We are trying to locate a roving module which will be in plain sight all the time by spending hundreds (possibly thousands) of dollars on electronics.
Unless it is on Mars there must be a more realistic way of doing it.
What about marking a 30 M radius circle (with a piece of string if you like) and get some clear flexible plastic tubing and lay it out around the circumference of the circle?
Use tent pegs to hold it in position.
It would take 189 metres of plastic tubing to do this.
Then you put a plug in one end of the tube and a pressure sensor at the other end and ring a bell if something runs over the pipe.

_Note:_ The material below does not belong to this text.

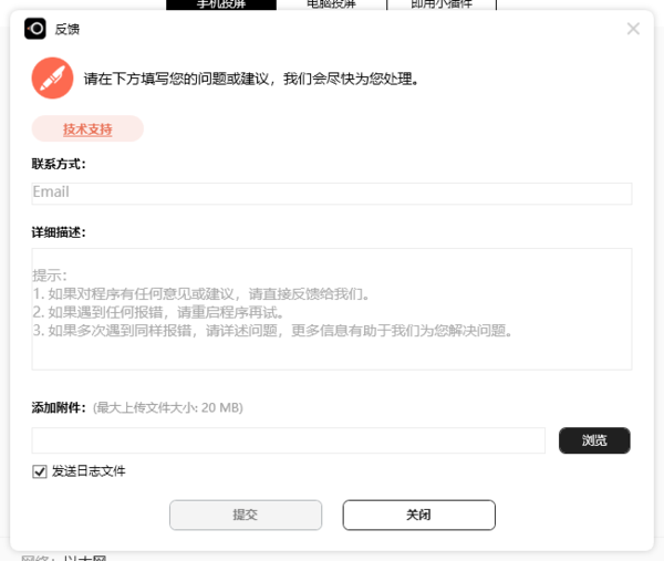 之后会弹出问题反馈的窗口,在这里可以填写自己遇到的问题,也可以上传一些附件来辅助说明问题,并留下自己的联系方式。都填写完成后,点击下方的“提交”,就可以把问题反馈给官方,耐心等待回复就可以了。

What is the actual application?
I know of none that are commercially available so you can have the fun of building it yourself. For the transmitter you'll want an oscillator, perhaps tunable, and a buffer amplifier driving a tuned ferrite rod.Are LF transmitters and receivers readily available or as you said is this something I will have to build myself? Size is sort of an issue (smaller the better).
And what else needs to be part of the ferrite rod antenna and first gain stage circuit...?The receiver will take the signal from the ferrite rod and amplify it, rectify it and compare it to your set point. The easy way is to use an IF integrated circuit with an RSSI output such as the MC3372. If you need more sensitivity you can always add a low noise, high frequency opamp at the input.